DATA EXTRACT:
• • •

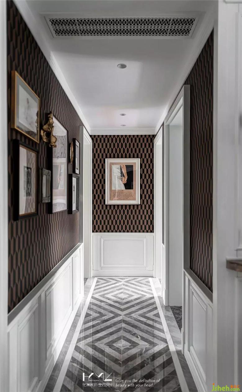 過道下墻裙白色護(hù)墻板從客廳從餐廳延伸過來,上部分是英國cole&son的幾何系列壁紙,地面拼花迎合了門廳的拼貼,運(yùn)用雙色菱形的延伸,讓空間擴(kuò)容。
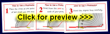 A set of posters and a tabletop sheet with reminders on how to use a protractor to measure angles.
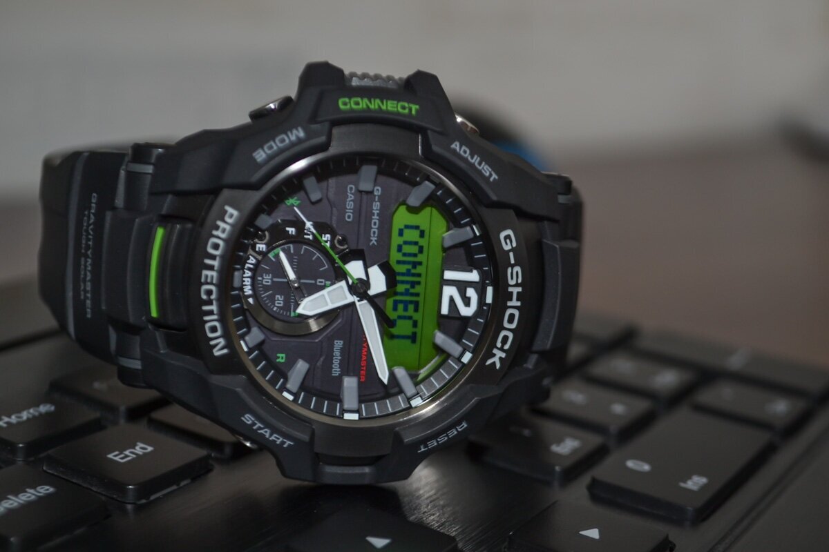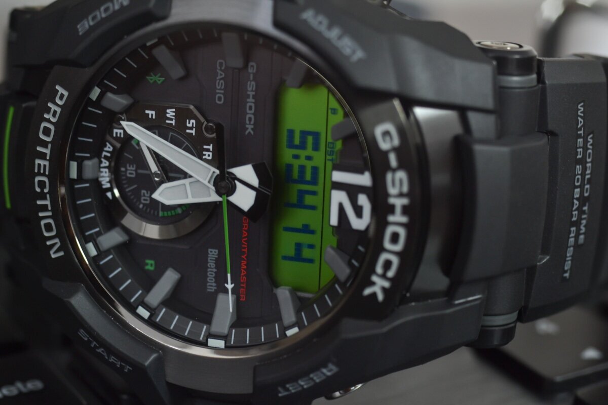 Gender: male, dial: analog + digital, bracelet material: plastic, features: waterproof, power reserve indicator, display backlight, hands backlight, shockproof
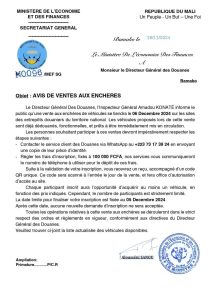 Un post publié récemment sur Facebook par une page dénommée Infos douane malienne annonçait un « avis de vente aux enchères » de voitures par les Douanes maliennes.

• • •

TASK REQUIREMENTS: Exclude the pictures and give back the rest of the data above exactly as written.

RESPONSE BOX:
 過道下墻裙白色護(hù)墻板從客廳從餐廳延伸過來,上部分是英國cole&son的幾何系列壁紙,地面拼花迎合了門廳的拼貼,運(yùn)用雙色菱形的延伸,讓空間擴(kuò)容。
 A set of posters and a tabletop sheet with reminders on how to use a protractor to measure angles.
 Gender: male, dial: analog + digital, bracelet material: plastic, features: waterproof, power reserve indicator, display backlight, hands backlight, shockproof
 Un post publié récemment sur Facebook par une page dénommée Infos douane malienne annonçait un « avis de vente aux enchères » de voitures par les Douanes maliennes.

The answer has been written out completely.